• [Task statement]:
Of all the lines in the records below, copy only those that contain the string "this".

START Data shown

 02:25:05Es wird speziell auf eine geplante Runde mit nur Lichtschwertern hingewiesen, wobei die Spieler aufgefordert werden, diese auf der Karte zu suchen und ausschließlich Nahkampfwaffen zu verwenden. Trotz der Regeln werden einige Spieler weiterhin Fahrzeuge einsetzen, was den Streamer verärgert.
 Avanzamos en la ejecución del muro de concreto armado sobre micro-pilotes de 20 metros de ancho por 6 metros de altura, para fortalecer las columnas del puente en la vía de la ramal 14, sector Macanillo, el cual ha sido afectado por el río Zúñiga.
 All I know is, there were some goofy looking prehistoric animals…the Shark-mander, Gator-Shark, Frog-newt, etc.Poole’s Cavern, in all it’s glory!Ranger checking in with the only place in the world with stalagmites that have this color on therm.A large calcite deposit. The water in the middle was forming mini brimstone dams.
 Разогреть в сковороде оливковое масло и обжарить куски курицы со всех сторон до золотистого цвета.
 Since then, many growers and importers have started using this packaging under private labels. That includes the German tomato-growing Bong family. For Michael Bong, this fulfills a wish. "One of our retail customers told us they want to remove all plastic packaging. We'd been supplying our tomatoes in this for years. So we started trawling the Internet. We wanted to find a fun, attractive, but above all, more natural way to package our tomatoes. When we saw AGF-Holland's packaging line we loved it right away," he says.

END Data shown

• [Task result]:
 All I know is, there were some goofy looking prehistoric animals…the Shark-mander, Gator-Shark, Frog-newt, etc.Poole’s Cavern, in all it’s glory!Ranger checking in with the only place in the world with stalagmites that have this color on therm.A large calcite deposit. The water in the middle was forming mini brimstone dams.
 Since then, many growers and importers have started using this packaging under private labels. That includes the German tomato-growing Bong family. For Michael Bong, this fulfills a wish. "One of our retail customers told us they want to remove all plastic packaging. We'd been supplying our tomatoes in this for years. So we started trawling the Internet. We wanted to find a fun, attractive, but above all, more natural way to package our tomatoes. When we saw AGF-Holland's packaging line we loved it right away," he says.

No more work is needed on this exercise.